Homemade Vegetable Buillion

My 2nd experiment was making the bouillon powder by dehydrating the ingredients then grinding them finely. I prefer the powder version but I totally forgot to take any photos.. oh well.. if I ever get in the mood to make it again (most probably next year), I’ll post the recipe. Till then, enjoy this version.

4.5 from 2 reviews
Homemade Bouillon
Prep time
Total time
Recipe type: Made From Scratch
Serves: 2 cups
  • 2 ounces / 55g Leeks - sliced
  • 3 ounces / 85g Fennel Bulb - roughly chopped
  • 3 ounces / 85g Carrot - roughly chopped
  • 2 ounces / 55g Celery - roughly chopped
  • 2 ounces / 55g Celery root (Celeriac) - roughly chopped
  • ½ ounce / 10g Sun-Dried Tomatoes soaked in oil - roughly chopped
  • 2 ounces / 55g Shallots
  • 2 medium Garlic Cloves
  • 2.5 ounces / 70g fine grain sea salt
  • 1 ounces / 20g Parsley - roughly chopped
  • 1 ounces / 20g Coriander - roughly chopped
  1. Place all the ingredients (except parsley & coriander) in your food processor and pulse about twenty times. Add salt, parsley and cilantro, pulse some more. (Divide into 2 batches if your processor cannot fit all ingredients. You may need to scrap the chopped vegetables to mix the herbs, so they get chopped)

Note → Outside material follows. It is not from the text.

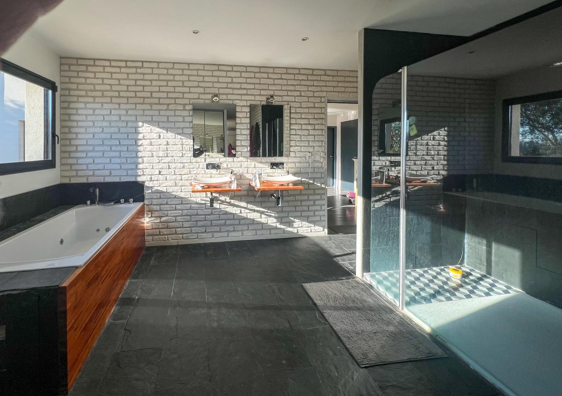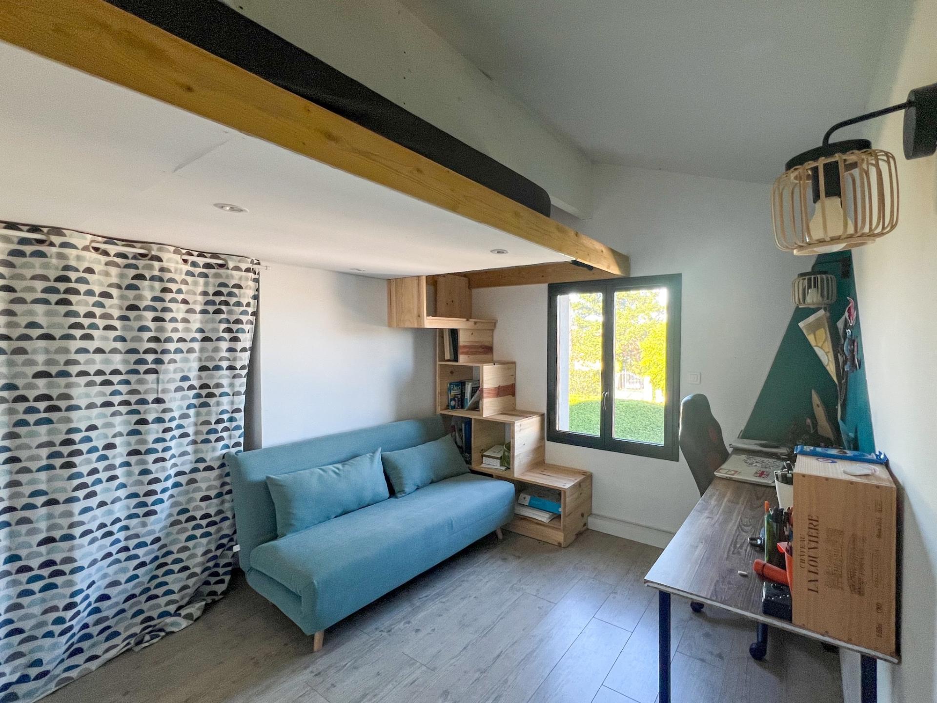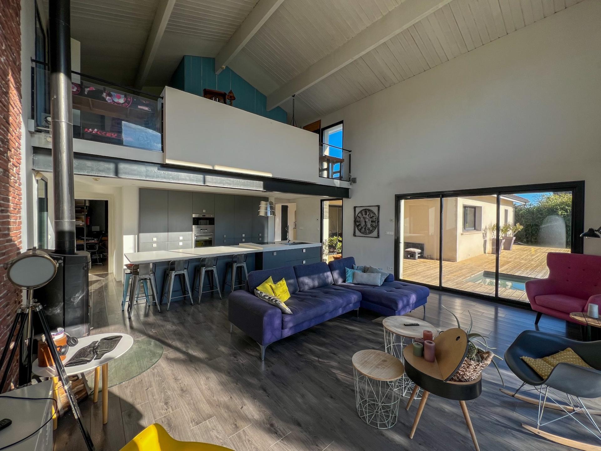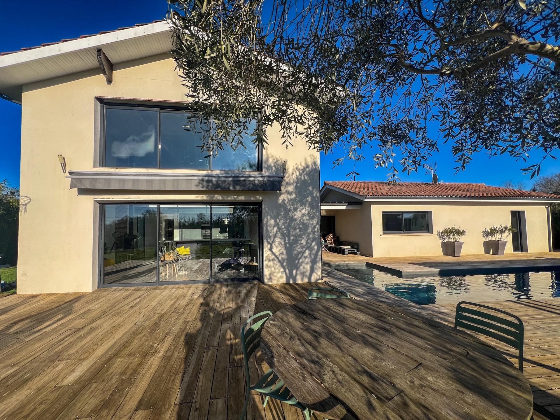 LIGNAN-DE-BORDEAUX (33360) Nicolas MADRELLE - SAFTI vous présente une maison d’exception avec vue dégagée et belles prestations. Dans un environnement paisible et sans aucun vis-à-vis, découvrez cette maison contemporaine de 170 m² sur un terrain paysagé de 1900 m² avec piscine chauffée 10x3, terrasse bois de 120 m², pool house équipé et dépendance bois isolée d'environ 60 m². À l’intérieur de la maison vous découvrirez un RDC conçu en deux parties avec entrée, WC, patio donnant sur une terrasse intimiste et piscine avec, d' un côté une lumineuse pièce de vie de 50 m2 et plafond cathédrale à 6 m, comprenant une cuisine équipée avec îlot central pouvant accueillir 10 convives, 1 chambre, WC, cellier, buanderie et double garage attenant de 35 m2 et, de l'autre côté, 1 suite parentale avec salle de bain (baignoire, douche et WC), dressing et chambre donnant accès à la piscine. A l'étage, 2 chambres, SDE, WC indépendant et vaste mezzanine qui vous permettra d'aménager un bureau ou une salle de jeux. Le confort est assuré par un plancher chauffant, un poêle à bois et la climatisation réversible dans chaque chambre. Un bien rare alliant volumes, modernité et cadre naturel préservé, tout en étant proche des commodités, école primaire à 800 m, arrêt de bus desservant collège et lycée à 50 m, accès par bus direct vers le tramway Bordeaux centre et Gare St-Jean en 20 min, œnotourisme Saint-Emilion à 30 min.
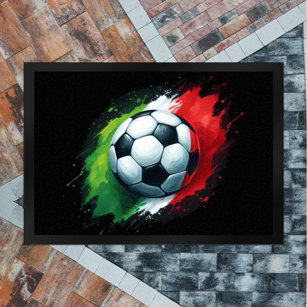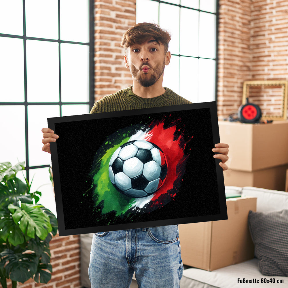 - Diese schicke Fußmatte mit der Fußball Italien Flagge bringt EM 2024-Stimmung direkt vor die Tür! Ein bunter Ball in den Farben Grün, Weiß und Rot wartet nur darauf, begrüßt zu werden. Perfekt für alle Fußball-Fans und Heimdekorations-Liebhaber!

  2. You should end up with a moist, loose paste. Keep ½ of it in a jar in the refrigerator for easy access in the coming days, and freeze the remaining ½ for use in the next month. Because of all the salt it barely solidifies making it easy to spoon directly from the freezer into the pot before boiling.
  3. Start by using 1 teaspoon of bouillon per 100ml, and adjust from there based on your personal preference.